第08話 全体演習

「……見えないじゃん」


 エマは騎士団の列の最後尾に並び、ブチブチ文句を言っていた。


 遥か遠く、それこそ顔も判別できないくらい遠く前の方にエドガーが立ち、全体演習について訓示をたれているようだ。声は聞こえど肝心なエドガーの姿は全く見えない。

 前の方は爵位があるような魔法騎士や魔法使い達が整然と並び、その後ろに平民兵士、さらに後ろに獣人兵士、エマなどの見習い兵士は最後尾だ。背の高い騎士達が前にいるのだから、背の小さいエマが見えるのは騎士達の頭ばかりだ。


「前が見えないのか?俺の肩に乗るか?」


 すっかり仲良くなったボアが、エマの前に屈んで背中を向けた。


「さすがにそれは目立つから止めとけよ」

「ボア、ありがと。でも大丈夫だよ」


 おんぶくらいなら目立たないかも……と一瞬頭をよぎったが、さすがに十二歳の子供の背中におぶさる二十歳はどうかと思い諦めた。


 今回は演習とはいえ、北の森へ入って実際に魔獣と遭遇すれば魔獣と戦うことになるらしい。三班に分かれ、ホーンラビットの群れが確認された辺境に近いところにある岩山と、ワイルドベアが出没するさらに北東にある川、キラービーが巣を作ったという北西にある藪へ向かうということだった。


 エマはワイルドベアが出没する川へ向かう班に振り分けられた。しかも、一番獰猛なワイルドベアが討伐対象だからか、指揮官はエドガーだった。


(フオーッ!エドガーさんの団服姿、滅茶苦茶推せる!)


 ニヤケそうになる顔を引き締め、先頭を歩くエドガーの後ろ姿を堪能する。


 聞いていた話では、先頭はパワー系の獣人が盾の役割として進み、その後ろをスピードや攻撃に長けた獣人が続き、人間である魔法騎士、魔法使い達は獣人達の後ろを進むということだった。また、魔法使い達を囲むように一般兵士が配置されるのが、通常の布陣らしく、指揮官の立ち位置は大抵は魔法使いと同じとされていた。

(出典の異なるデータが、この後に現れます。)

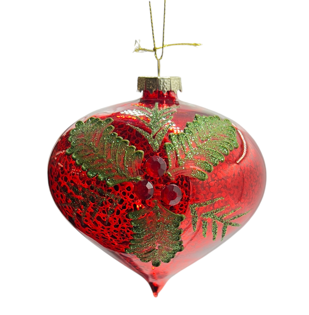 Праздничные игрушки выполнены из стекла и окрашены в красный цвет. Декор в виде контрастных листьев зелёного цвета интересно дополняет внешний вид роскошной игрушки.

 しかしエドガーは獣人達よりも前、先陣を切って歩いていた。


「団長の班でラッキーだったな」


 イアンは軽やかな足取りで、石がゴロゴロ転がる歩きにくい川べりを進む。


「本当に。エドガーさ……様の勇姿を間近で見れるとか、砂かぶり並みの特等席だね」


 いつも通り「エドガーさん」と言いそうになり、さすがにそれはまずかろうと「様」呼びに言い直す。


「ちょっと意味がわかんねぇ。砂なんかかぶったら最悪じゃんかよ」


 相撲の……と言っても理解してもらえないだろうから、エマは「それもそっか」と適当に話を流した。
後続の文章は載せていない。